Talking about financial products and services that are accessible on a cell phone or computer (fintech products) with your customer might feel a little overwhelming at first. There are so many options it can be hard to know where to start. But using apps or online portals to manage finances can provide convenience, flexibility and more affordable options for customers. Fintech, used wisely, can be a great aid in achieving financial goals. Below, you’ll find some of the common questions you may hear and guidance on how you can address them with your customer.

Starting the Conversation

It’s very possible that your customers are already using technology to make financial transactions and not even know it! Get the conversation going by gauging how your customer currently manages their money. To do this, you might say:

  • Do you know if your bank or credit union has a mobile app that you can download and use to check your balance any time?

  • Have you ever used Paypal, Venmo or CashApp to send money or pay for things?

You might also want to get a sense of how comfortable they are with accessing and using technology.

  • Do you use any apps on your phone regularly?

  • Do you prefer to look things up on the internet on your phone or on a computer?

Connecting With Existing Goals

A coaching best practice is to align all action steps or financial behaviors with the customer’s goal -- and it is helpful to use the same practice when discussing fintech products and services. After you have discussed financial goals with your customer, you could say something like:

Since building credit is a step you are taking in reaching your goal, there are tools or products you can access from your phone or computer that could support you to do that. Would you be open to discussing some fintech product options?

Common Questions and Concerns

While each customer’s financial situation and goals are unique, you may hear similar questions and concerns. Remember, your job is not to be an expert in every single fintech product, but to be a partner with your customer in learning while providing direction and resources. Below are some suggestions for how you might respond and where you and your customer can go for more specific answers.


What is Fintech?

Fintech is financial technology--the products, companies, or services that use technology to provide financial services to customers. You’ve probably already used fintech! Apps on your phone to transfer money to friends and family, mobile banking for your bank or credit union, the systems banks and credit unions use to review loan applications--all of these are different types of fintech.
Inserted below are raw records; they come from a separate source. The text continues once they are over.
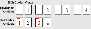 A készülék a papír elülső oldalára nyomtat minden oldalt egyoldalas nyomtatásnál, ezáltal a páratlan oldalak mind egyoldalas, mind kétoldalas nyomtatás esetén a papír elülső oldalára kerülnek.
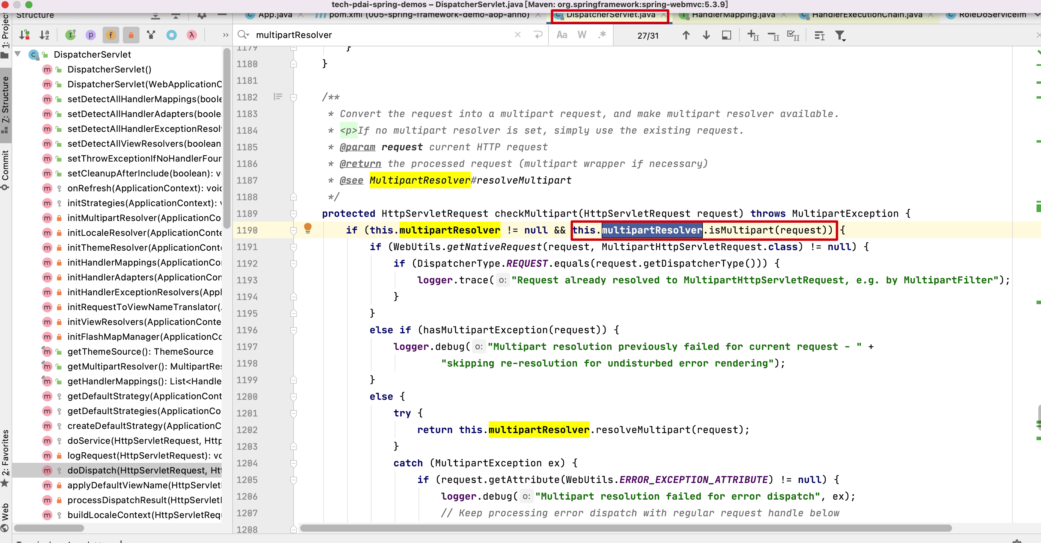 首先我们看DispatcherServlet的类结构关系,在这个类依赖结构中找到init的方法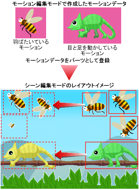 例えば、「羽ばたきする一匹の蜂」のモーションデータを用意し、これをひとつの単位として複数を組合わせ、群生する蜂の集団が動き回るような「シーン」を構成することができるようになります。
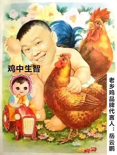 9月1日,岳云鹏发微博称“期待我们自己的快餐品牌能早日走向世界,@老乡鸡我为你代言,咯咯哒!”并配上恶搞年画娃娃的代言海报。画风清奇、画面诡谲,若不是海报右下角标明「老乡鸡品牌代言人:岳云鹏」,还真以为这又是一个包袱。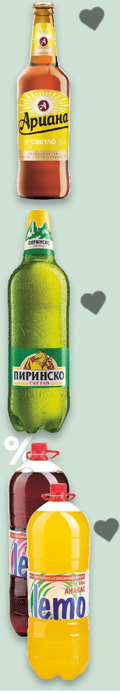 Цените са валидни за посочените на последна страница хипермаркети. Стоките се продават в количества, обичайни за едно домакинство. Всички цени са в лева с включен ДДС. Всички артикули се предлагат без декорация. Снимките са примерни. -40% 1,19 1,99 -28% 1,39 0,99 -24% 1,09 1,45 -39% 2,29 3,79 -27% 1,29 1,79 -20% 3,59 4,49 -38% 1,59 2,59 -21% 2,19 2,79 -40% 2,69 4,49само само 2 литра 2 литра 3 литра 10 литра TUBORG Бира 4,6% vol 0,5 л кен (1 л = 2,38) АРИАНА Бира 4,5% vol * Цената не включва амбалаж * Цена на амбалаж 0,10 лв. 0,5 л бутилка (1 л = 1,98) ЗАГОРКА Бира Специално или Ретро 4,9% или 4,5% vol 0,5 л кен (1 л = 2,18) ХИСАР Минерална вода 10 л РЕТ (1 л = 0,23) LEMO Негазирана напитка различни видове 3 л (1 л = 0,43) QUEEN ALOE VERA Безалкохолна напитка различни видове 1,5 л (1 л = 2,40) PEPSI/ MIRINDA/ 7 UP Газирана напитка различни видове 2 л РЕТ (1 л = 0,80) ПИРИНСКО Бира 4,4% vol 2 л PET (1 л = 1,10) GRANINI Сок портокал с пулп, ябълка или домат 1 л (1 л = 2,69) Цена с KAUFLAND CARD БЕЗАЛКОХОЛНИ НАПИТКИ И БИРА Отстъпката с Kaufland Card e изчислена спрямо стандартната текуща цена, на която продуктът се предлага в хипермаркета. S32-BG-KW04-LFT-DRP_L-1000-10 32

I already have a bank account, I don’t need another.

Not all fintech products are bank accounts! Some work with your current accounts to support you in achieving a specific goal. For example, you said a goal is to make more room in your monthly spending plan to save. Linking your accounts to a spending tracker fintech product could do some of the work for you in analyzing your spending!

If you have an account that works well for you, that’s great! And I understand what a pain it could be to change up your financial life. But it’s a good idea to occasionally review the products you use to make sure they’re still working for you and that there isn’t a better fit or a better deal out there for you. Can we talk about your current bank account? What do you like? What don’t you like?


I’ve had bad experiences with banks in the past, how is this different?

It’s a hard fact that the financial services industry has not always been good to--and in many cases has actively harmed--people and communities. Some fintech products have been specifically designed with certain communities in mind, like the Black or Latinx community, to provide alternatives to mainstream financial services or to provide culturally specific services. We can work together to find a product that meets your values. Would you share more about your past experience?


What does the product do?

Let’s review this product information page together, and then we can look at the product’s website to answer specific questions!

Resources for a specific answer:

Product Information Pages found in the Recommendation Engine, the fintech product’s website.


How much does it cost?

Let’s review this product information page together, and then we can look at the product’s website to answer specific questions!

Resources for a specific answer:

Product Information Pages found in the Recommendation Engine, the fintech product’s website.


Will my personal information be secure?

Let’s review the product’s privacy policy together. It’ll be important to understand what data the product collects, what it does with that information, and how it keeps the information secure.

Resource for a specific answer:

The product’s privacy policy found on their website.


Will my money be safe?

That’s such an important question. Many fintech products partner with FDIC-insured financial institutions to hold your account and your money. Let’s take a look at the product’s website to find out, and then we can do some research on the financial institution as well.

Resources for a specific answer:

The product’s website (check the disclosures or frequently asked questions).


How can I contact customer support?

That’s a great question! It’s so important to be able to ask questions and get support. Let’s look at the product’s website to find out.

Resources for a specific answer:

the product’s website (check the contact us link or frequently asked questions).

Following-Up Over Time

The conversation is not over if your customer does choose and start using a fintech product. You can integrate fintech product discussions into your coaching by asking follow-up questions about your customer’s experience with the product, such as:

After they’ve enrolled in or opened the product

  • How was the set-up or enrollment process?

  • What challenges did you encounter?

As they use the product

  • How do you use the product? How frequently?

  • How do you feel about the product?

  • What features do you like? What features do you not like?

  • Is it meeting your needs?

After they’ve been using the product for some time

  • How has the product been supporting you in achieving your financial goals?

  • Have your values, goals, or needs changed? A different product might be more appropriate.